It was a memorable day for some people in Southeast Idaho. 19 people became American citizens Wednesday at the Federal Courthouse in Pocatello.
“No matter what country you came from, America now calls you her own,” said Judge David Nye, District Court of Idaho,
Wednesday marked the beginning of 19 peoples lives as American citizens. Applicants from Mexico, East Africa, South Korea, and more were tested and educated on U.S. history, and what it’s like to be an American.
“You go through a lot of interviews with immigration and it’s something to be proud of,” Karla Silva, a new U.S. citizen.
“I am no more a citizen of the United States than you are,” Nye said.
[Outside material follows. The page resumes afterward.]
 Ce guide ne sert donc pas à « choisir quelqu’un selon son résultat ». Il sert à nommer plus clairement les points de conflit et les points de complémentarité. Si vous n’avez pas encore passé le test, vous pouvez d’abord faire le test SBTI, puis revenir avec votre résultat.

The journey to get here took some time.
“Just waiting for five years, it isn’t easy,” Murbarek Teiab, a new American Citizen. “I know there are people here who have been here longer than five, and they didn’t get it yet.”
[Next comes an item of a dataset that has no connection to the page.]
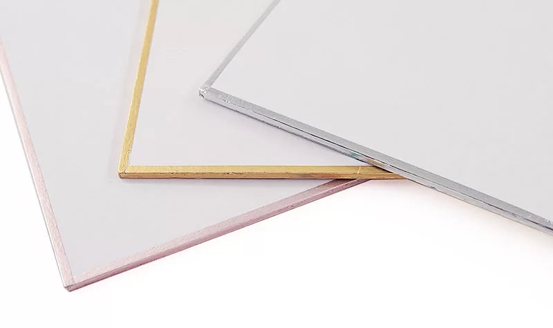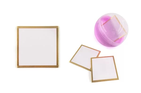 フチのカラーは高級感のあるゴールド、シルバー、かわいらしいピンクの3色展開。印刷デザインに合わせてお選びいただけます。

All those new citizens have their own reasons for being sworn in.
“You are a citizen you can go where ever you want, and able to go freely,” Teiab said. “You can travel wherever you want to travel.”
“For my family,” said Eba Velazquez, a U.S citizen. “We are together.”
They also had advice to have for other’s hoping to become citizens.
“I say the other people you can do it,” Velazquez said. Try [to] because maybe someday you can do it. Because I did.
Each year around 700,000 to 750,000 become naturalized U.S citizens, according to the U.S. Citizenship and Immigration Services.